Stated otherwise, a fundamental goal of any surgical/orthopaedic procedure
is full recovery. This translates to the return of maximum function to the
operated area. Such optimum return requires that the post-operative
physical and geometrical relationships of bones and joints in the operated
area remain identical to those existing prior to the surgical treatment.

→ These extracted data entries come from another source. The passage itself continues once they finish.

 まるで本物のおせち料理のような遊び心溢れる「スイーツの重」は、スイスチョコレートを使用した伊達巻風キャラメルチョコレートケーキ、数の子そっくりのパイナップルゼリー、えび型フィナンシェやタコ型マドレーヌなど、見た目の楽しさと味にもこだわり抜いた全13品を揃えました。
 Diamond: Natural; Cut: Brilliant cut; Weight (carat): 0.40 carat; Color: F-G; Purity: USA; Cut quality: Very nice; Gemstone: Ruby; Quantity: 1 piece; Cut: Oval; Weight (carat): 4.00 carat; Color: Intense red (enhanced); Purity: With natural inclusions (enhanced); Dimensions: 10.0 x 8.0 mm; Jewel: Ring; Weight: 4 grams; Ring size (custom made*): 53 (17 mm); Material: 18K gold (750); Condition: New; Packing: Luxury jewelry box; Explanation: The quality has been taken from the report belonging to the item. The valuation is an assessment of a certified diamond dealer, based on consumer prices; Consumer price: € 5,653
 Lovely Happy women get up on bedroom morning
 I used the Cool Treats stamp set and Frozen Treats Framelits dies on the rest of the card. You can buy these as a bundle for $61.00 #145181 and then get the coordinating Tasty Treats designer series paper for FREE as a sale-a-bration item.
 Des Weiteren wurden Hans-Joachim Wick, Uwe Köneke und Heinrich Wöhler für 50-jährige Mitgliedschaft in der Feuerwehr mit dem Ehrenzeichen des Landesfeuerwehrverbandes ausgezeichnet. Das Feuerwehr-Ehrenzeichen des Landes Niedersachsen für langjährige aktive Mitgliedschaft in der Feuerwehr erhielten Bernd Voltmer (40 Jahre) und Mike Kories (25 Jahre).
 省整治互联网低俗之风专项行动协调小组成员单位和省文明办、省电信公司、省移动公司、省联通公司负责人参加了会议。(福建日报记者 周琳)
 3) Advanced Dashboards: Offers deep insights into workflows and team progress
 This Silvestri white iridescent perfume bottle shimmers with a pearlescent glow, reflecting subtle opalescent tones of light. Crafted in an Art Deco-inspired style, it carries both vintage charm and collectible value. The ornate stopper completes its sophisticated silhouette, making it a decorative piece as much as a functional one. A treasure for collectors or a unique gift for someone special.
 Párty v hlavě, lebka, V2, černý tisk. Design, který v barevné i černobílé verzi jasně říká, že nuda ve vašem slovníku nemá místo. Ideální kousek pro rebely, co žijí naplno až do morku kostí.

Unfortunately, the orthopaedic surgeon of today is equipped with only a few
devices to aid him in performing an accurate bone alignment, and ultimate
accuracy may rely on the skill and practice of the orthopaedic surgeon.
Various fixators and braces are available, but are limited in application
and accuracy. What is needed is something that will provide an enhanced
scope of application, greater accuracy, and increased physician
convenience.
Although reference has been made above to leg and hip bones and joints, it
is equally applicable to arm bones, and generally speaking, the
application is far broader.
OBJECTS AND SUMMARY OF THE PRESENT INVENTION
It is an object of the present invention to provide apparatus and method
for precisely positioning bones or bone portions subsequent to treatment
as before the treatment.
More particularly, it is an object of the present invention to provide
markers secured to the bones or bone portions before a
surgical/orthopaedic procedure which are observed by three dimensional
sensing means to insure that the bones are returned precisely to initial
relative position.
In carrying out the foregoing and other objects of the present invention,
we provide a plurality of orthopaedic markers which are observed by a
three dimensional sensor connected to a digital computer to provide a
graphics picture available to the surgeon during the procedure.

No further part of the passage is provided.